Introduction to privJedAI

Introduction to privJedAI#

This notebook will guide you throughout all the possible methods and how to use them by our open-source library privJedAI.

%pip install privjedai

Import Dataset Abt Buy Clean#

Below we load the two different datasets and their ground truth. privJedAI needs the indices of the pairs for each dataset and not their id. Here we present also how to preprocess a ground truth that contains id1-id2 pairs to index1-index2 pairs.

import pandas as pd

def load_dataset(path, file, sep):
    return pd.read_csv(f"../{path}/{file}.csv", sep=sep)

def load_ground_truth(path, sep, d1, d2): 
    gt = pd.read_csv(f'../{path}/gtclean.csv' , sep=sep)
    df_a = d1.reset_index().rename(columns={"index": "index_A"})
    df_b = d2.reset_index().rename(columns={"index": "index_B"})
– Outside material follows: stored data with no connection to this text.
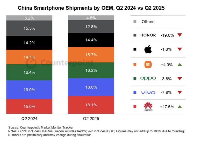 2025Q2中国智能手机市场:华为出货量第一,荣耀同比大跌19%
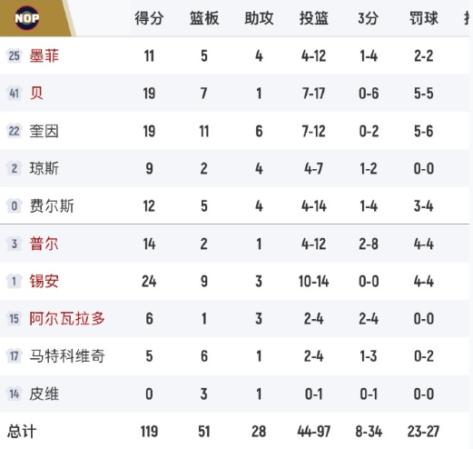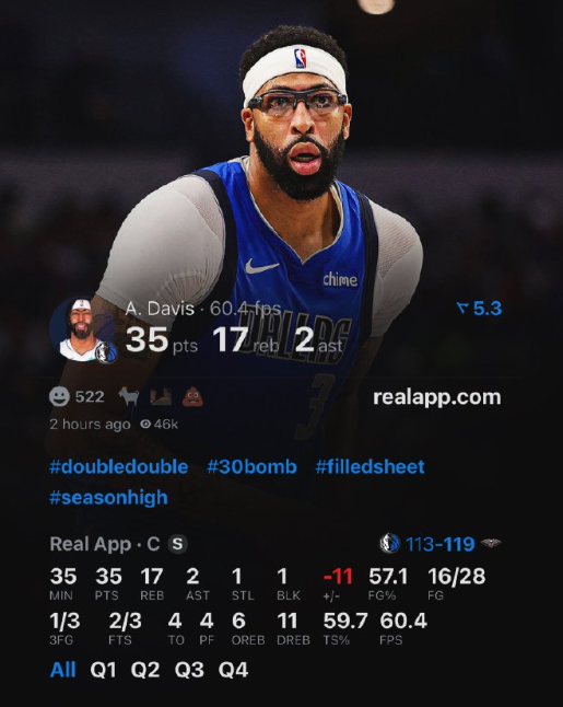 鹈鹕逆转独行侠取得5连胜,浓眉出战35分钟,28投16中,三分3中1,空砍35分17板2抢断1盖帽。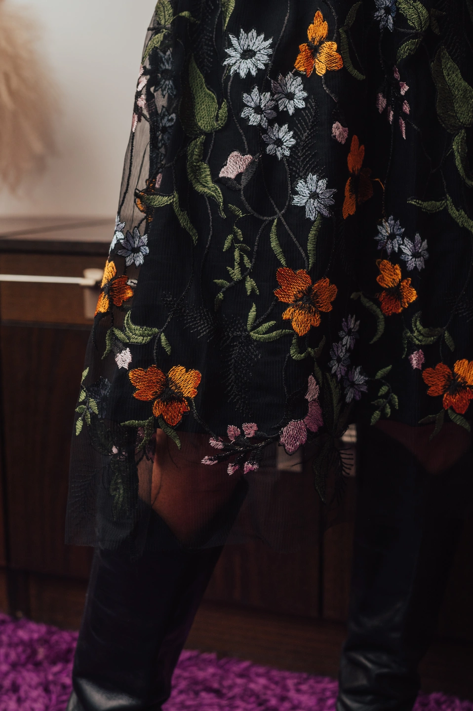 Beautiful vintage sheer mesh skirt with embroidered floral detailing throughout. Lightweight, flowy, and incredibly flattering — perfect for dressing up or styling casually with boots or sandals.

    df_a = df_a[["index_A", "id"]]
    df_b = df_b[["index_B", "id"]]

    gt_index = gt.merge(left_on='D1', right=df_a, right_on='id')

    gt_index = gt_index.drop(columns=['id', 'D1'])
    gt_index.columns = ['D2', 'D1']

    gt_index = gt_index.merge(left_on='D2', right=df_b, right_on='id')
    gt_index = gt_index.drop(columns=['id', 'D2'])
    gt_index.columns = ['D1', 'D2']
    d1 = d1.astype(str)
    d2 = d2.astype(str)

    return gt_index, d1, d2

DIR = "D2"
PATH = f"data/ccer/{DIR}"
FILE = 'abtclean'
FILE2 = 'buyclean'
attributes = ['name']
SEP = "|"

abt = load_dataset(PATH, FILE, SEP)
buy = load_dataset(PATH, FILE2, SEP)

gt_index, abt, buy = load_ground_truth(PATH, SEP, abt, buy)

Encode data and build bloom filters#

Each party agree in an exact configuration and then encode locally their data. Those encoded data are then shared to a third party to proceed with record linkage.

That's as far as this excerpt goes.